Tuesday 2 August 2011

On Being Wrong

Every so often a theme emerges and is repeated in conversations with pupils and clients. Of late it has been around the question of being wrong. It is something that happens to everybody and not just once either. What is important is not so much the fact of being wrong, but our attitude and the attitude of those around us. That is not say that the consequences of any particular act are not important, they are - affecting our attitude and the attitudes of those around us. Our attitude here, as in so much of life, tends to be habitual, the result of choices, sometimes long forgotten, that reach far into the future, helping or condemning us, depending on, how we feel about, how we react to, how we see ourselves, when we get it wrong.

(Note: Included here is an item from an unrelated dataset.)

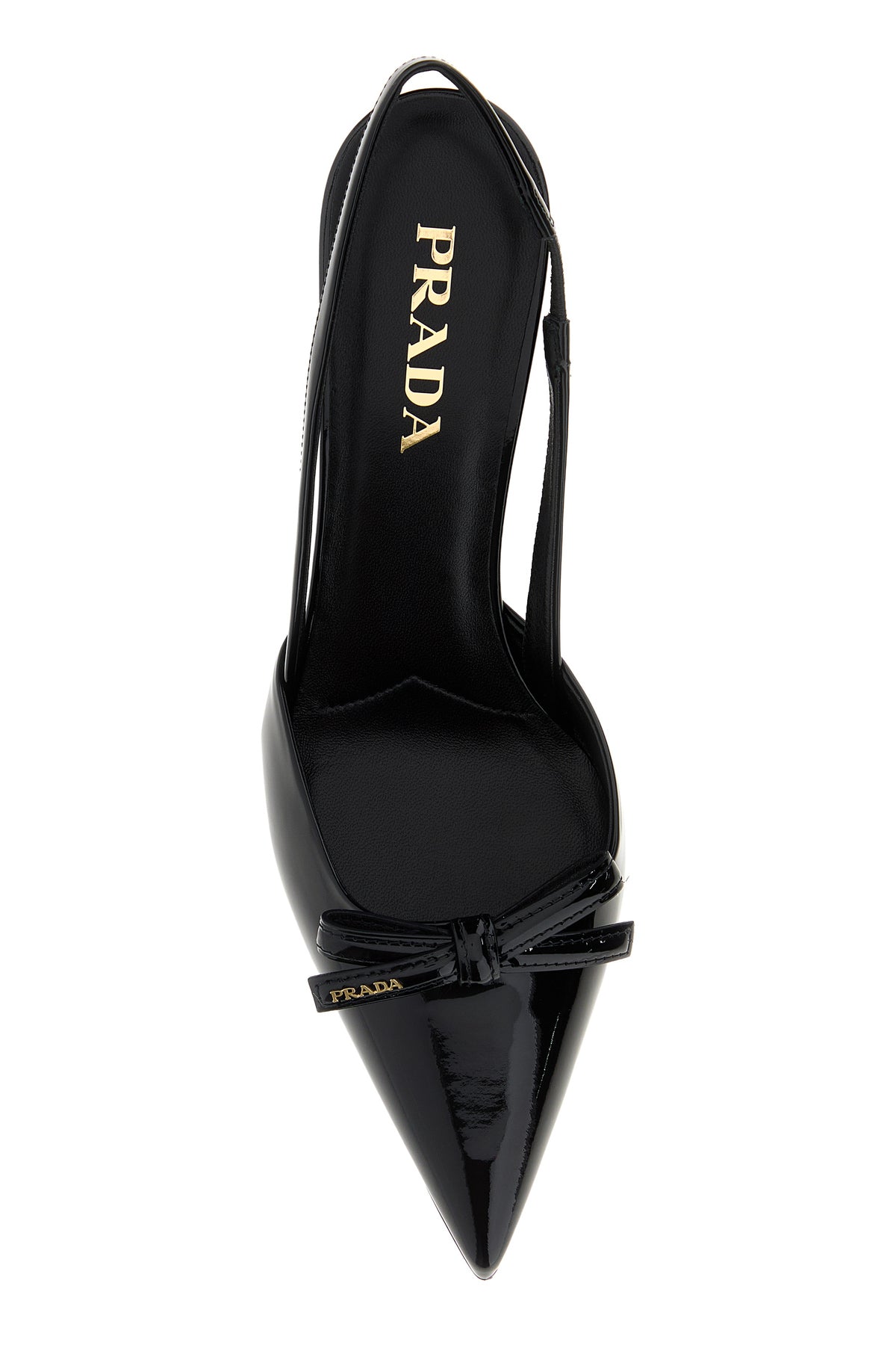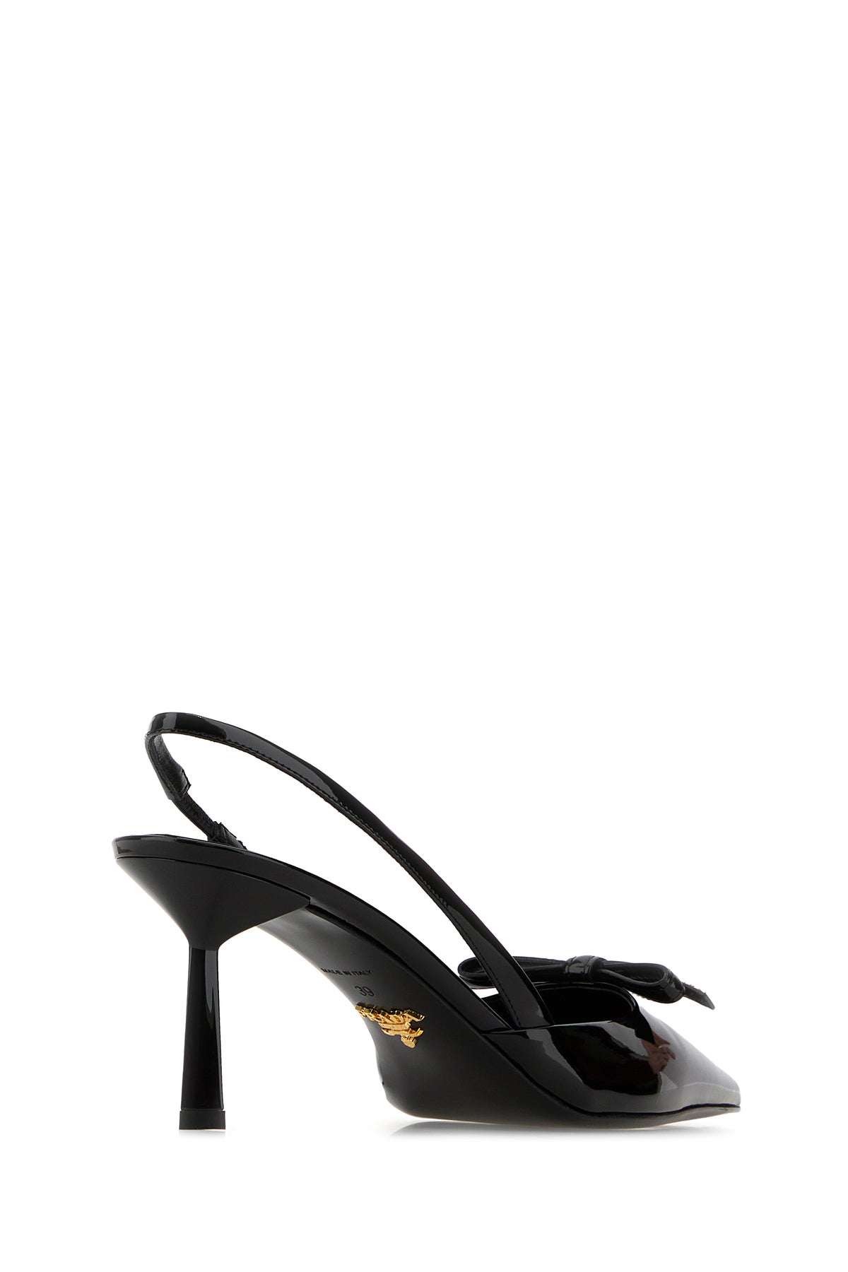 Slingback realized in patent enriched by logoed decorative bow on the instep.

Two basic attitudes to being wrong have emerged during these conversations. There are those who do not want to be wrong, who do not want to fail, who always want to be right and those that accept that they will get it wrong, at least some of the time and use that as an opportunity for learning, for getting better at what they want to do, or for reconstruing their path and finding a new way. The former attitude if held to, always seems to lead to stagnation, to a failure to learn, stifling creativity and new growth, in the search of a vanishing certainty, that has become a mirage, leading not to water but to a desert.
Changing such attitudes is sometimes easy, sometimes not, sometimes requiring a great deal of insight and reconstruction for experimentation to become a way of life. Intelligent experimentation is what marked Alexander's discovery, after he realised that he must be doing something wrong in using his voice and therefore be causing the vocal problems that were effecting his career. You can read about this in the first chapter of his third book 'The Use of The Self.' This account fits perfectly with how George Kelly saw people as 'personal scientists', and is a paradigmatic example of how to work on problems. It is a great way to look at teaching and learning the Alexander Technique. It is also a great way to look at therapy and relationships. What makes it a great way here, is that it treats people as equals, with lives to live, seeing difficulties and challenges as natural parts of life, to be faced, overcome, in a world of uncertainties. Facing the unknown, as I blogged last week, is a stance cultivated in Alexander Lessons. It is a necessity for the personal scientist, wishing to chart a course to the future. It requires an ability to look at oneself calmly and accept where necessary that 'I was wrong,' before finding and committing again to a future hope. The alternative is a future, that is ever constricting, reliant on a past failures, with hope becoming more elusive. It is only by acceptance, that hope
might
reveal itself as an ever present possibility of the future.